Driving lights & sirens: up to 15 mph over the speed limit, or as fast as is still safe, whichever is slower.


----------



## phideux (Mar 19, 2012)

Responding in Rural areas 10mph over the posted limit, as long as it is safe. Complete stop at every light and/or stop sign.


----------



## EMTHokie (Mar 19, 2012)

No more than 15mph over posted limits with Lights and sirens, stop at all lights and stop signs and use due caution.


----------



## MSDeltaFlt (Mar 19, 2012)

My company has limits. I believe 80mph is the Max even on interstate.  My state, however, requires EMS to drive with "due regard".  Technically we don't have a set speed limit.  

Personally the posted speed limit even with lights and sirens is plenty fast enough.


----------



## mycrofft (Mar 19, 2012)

We have fifty states in many climate zones. Each state can pass its own laws. The rule which applies everywhere though is not to drive unsafely, and that includes speed.
BTW, we mostly use miles per hour (mph), to avoid more confusion


----------



## 94H (Mar 19, 2012)

In Pennsylvania ambulances cannot exceed the posted speed limits, even with Lights and Sirens. They must also come to a complete stop at every stop sign and red light.


----------



## Nerd13 (Mar 19, 2012)

The state of Michigan uses the 'drive with due regard to the safety of others' rule. My employer uses the 15 mph above posted speed rule. Of course, that's only when it's safe to do so. On some of the back roads you're doing really well if you can safely reach the posted speed...


----------



## Shishkabob (Mar 19, 2012)

Emergency vehicles are exempt from Texas vehicle code whilst doing official duties (more technically, when lights and sirens are active)

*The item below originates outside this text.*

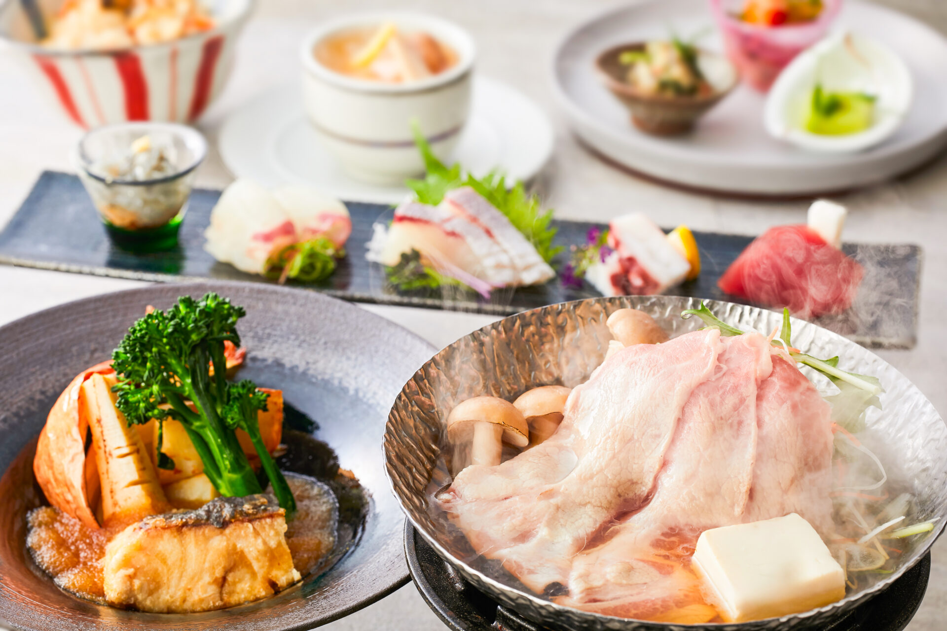 - 【夕食】「瀬戸内海産にべ」「兵庫ポーク」など、美味しいものを少しずついただける会席 ※6月からはメニューを変更します

However, something goes wrong and you're in deep doo-doo if it's found out you weren't following 'due regard'.


----------



## Medic Tim (Mar 19, 2012)

In NB we cannot exceed the speed limit in areas Posted 60km/h (aprox 40mph) or lower. We are allowed up to 20km/h (aprox 15 mph) over the posted limit in areas over 60 to a max of 120km/h (75mph). The speed limit on the divided highways here is 110km/h(aprox 70mph) so going hot is pretty much useless on the highway as the flow of traffic is usually much faster than 120. 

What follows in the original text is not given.